Dataset entries Start Marker
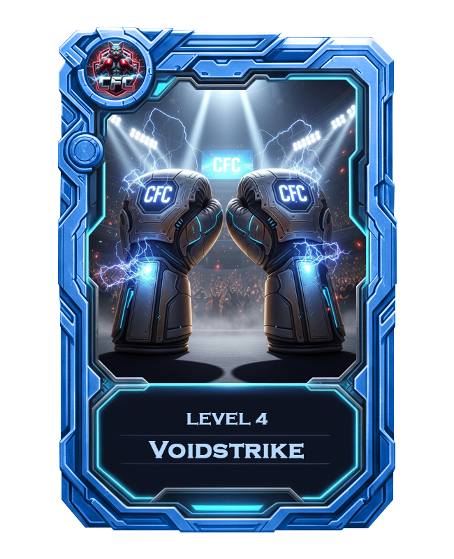<table><thead><tr><th width="116" align="center">LVL</th><th align="center">Glove</th><th align="center">Upgrade Success Rates</th><th align="center">Level Drop Chance</th><th align="center">Burn Rate</th><th align="center">CFC Cost</th><th align="center">Power</th></tr></thead><tbody><tr><td align="center">Lv.1 </td><td align="center">Shadowpaw</td><td align="center">-</td><td align="center">-</td><td align="center">-</td><td align="center">-</td><td align="center">5</td></tr><tr><td align="center">Lv.1 → Lv.2</td><td align="center">Stormfist</td><td align="center">🔶 75%</td><td align="center">⚠️ 15%</td><td align="center">🔥 10%</td><td align="center">100 CFC</td><td align="center">7</td></tr><tr><td align="center">Lv.2 → Lv.3</td><td align="center"> Eclipsegrasp</td><td align="center">🔶 70%</td><td align="center">⚠️ 20%</td><td align="center">🔥 10%</td><td align="center">200 CFC</td><td align="center">11</td></tr><tr><td align="center">Lv.3 → Lv.4</td><td align="center">Voidstrike</td><td align="center">🔶 65%</td><td align="center">⚠️ 25%</td><td align="center">🔥 10%</td><td align="center">400 CFC</td><td align="center">17</td></tr></tbody></table>
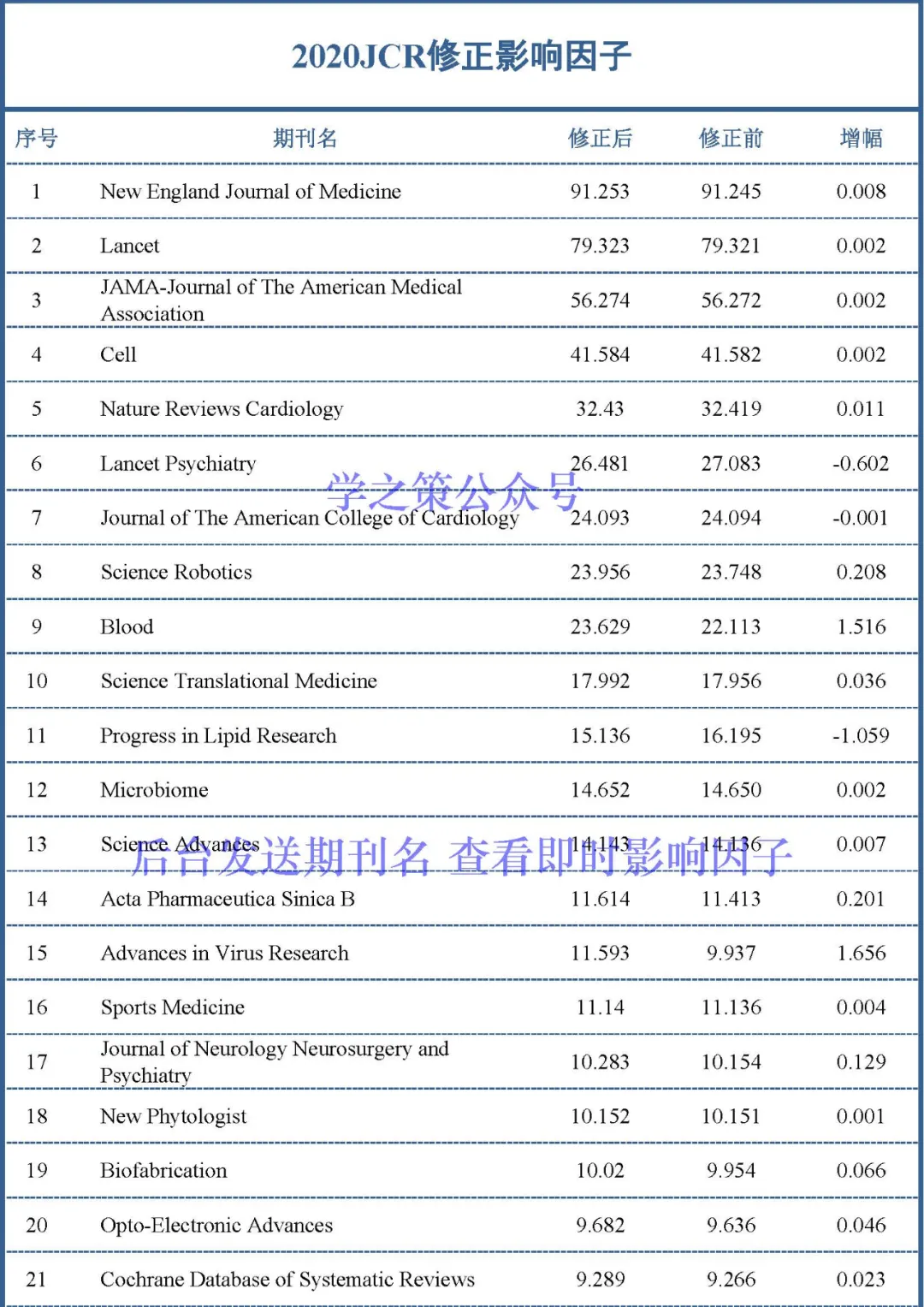 2020JCR影响因子于2021年6月30日正式发布,而按照常规,每年的下半年科睿唯安还会对影响因子进行修正,所有期刊的影响因子都是以修正后的结果为准。
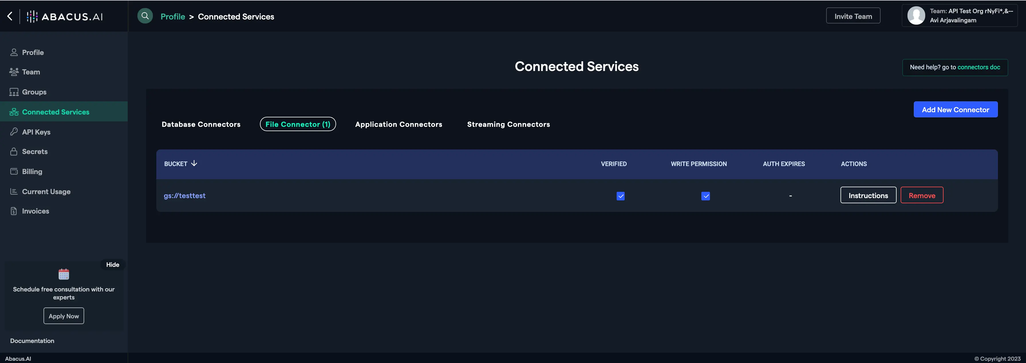 Go to the Abacus.AI Connected Services Dashboard
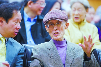 15日,著名文学家、诗人、散文家余光中在台北举行《太阳点名》与《粉丝与知音》两本新书的签书会。图为余光中在新书签书会上与来宾交流。 新华社
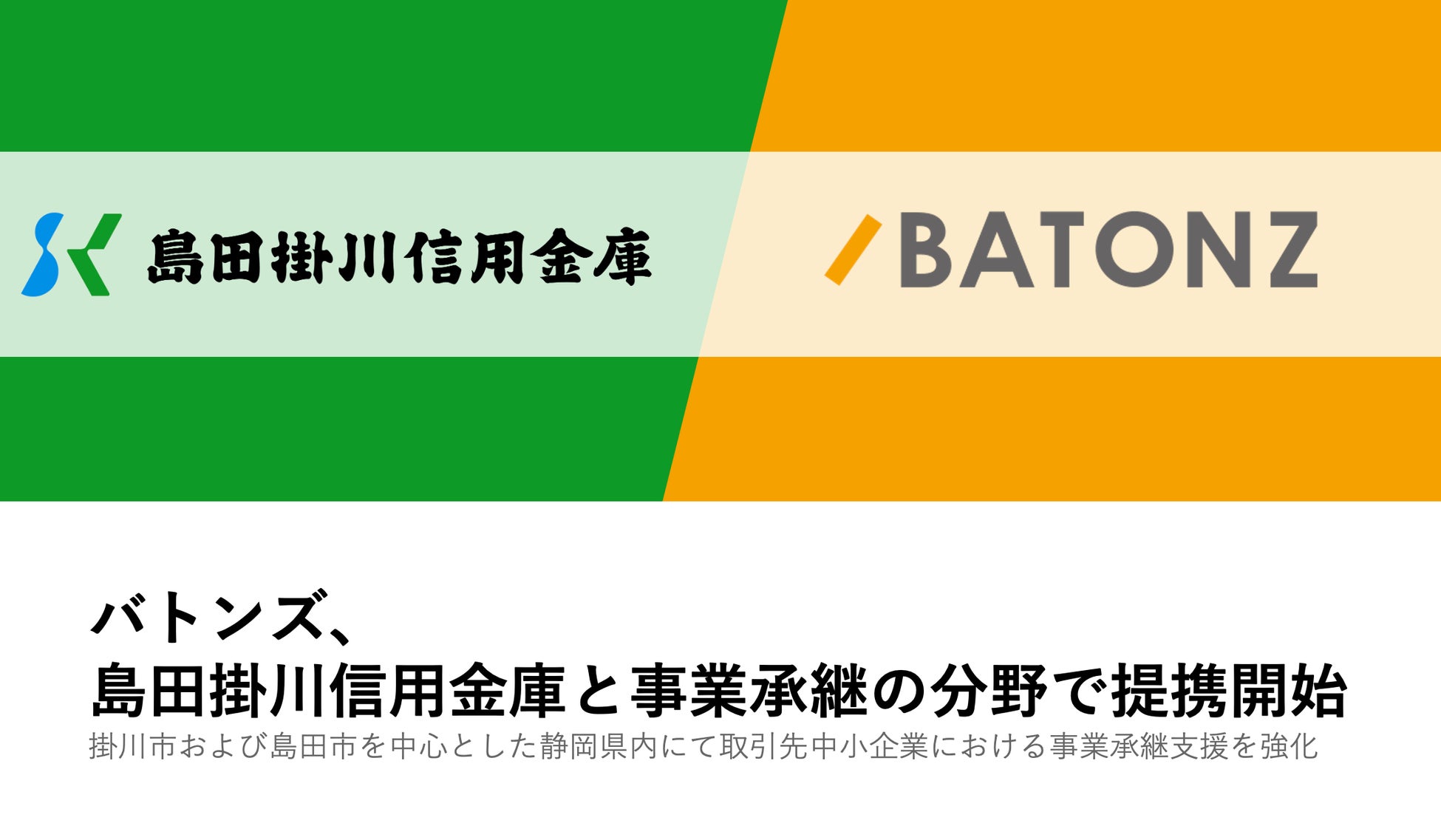 バトンズ、島田掛川信用金庫と事業承継の分野で提携開始
Dataset entries End Marker
Output all the records, word for word, with no pictures in the copy.

<table><thead><tr><th width="116" align="center">LVL</th><th align="center">Glove</th><th align="center">Upgrade Success Rates</th><th align="center">Level Drop Chance</th><th align="center">Burn Rate</th><th align="center">CFC Cost</th><th align="center">Power</th></tr></thead><tbody><tr><td align="center">Lv.1 </td><td align="center">Shadowpaw</td><td align="center">-</td><td align="center">-</td><td align="center">-</td><td align="center">-</td><td align="center">5</td></tr><tr><td align="center">Lv.1 → Lv.2</td><td align="center">Stormfist</td><td align="center">🔶 75%</td><td align="center">⚠️ 15%</td><td align="center">🔥 10%</td><td align="center">100 CFC</td><td align="center">7</td></tr><tr><td align="center">Lv.2 → Lv.3</td><td align="center"> Eclipsegrasp</td><td align="center">🔶 70%</td><td align="center">⚠️ 20%</td><td align="center">🔥 10%</td><td align="center">200 CFC</td><td align="center">11</td></tr><tr><td align="center">Lv.3 → Lv.4</td><td align="center">Voidstrike</td><td align="center">🔶 65%</td><td align="center">⚠️ 25%</td><td align="center">🔥 10%</td><td align="center">400 CFC</td><td align="center">17</td></tr></tbody></table>
 2020JCR影响因子于2021年6月30日正式发布,而按照常规,每年的下半年科睿唯安还会对影响因子进行修正,所有期刊的影响因子都是以修正后的结果为准。
 Go to the Abacus.AI Connected Services Dashboard
 15日,著名文学家、诗人、散文家余光中在台北举行《太阳点名》与《粉丝与知音》两本新书的签书会。图为余光中在新书签书会上与来宾交流。 新华社
 バトンズ、島田掛川信用金庫と事業承継の分野で提携開始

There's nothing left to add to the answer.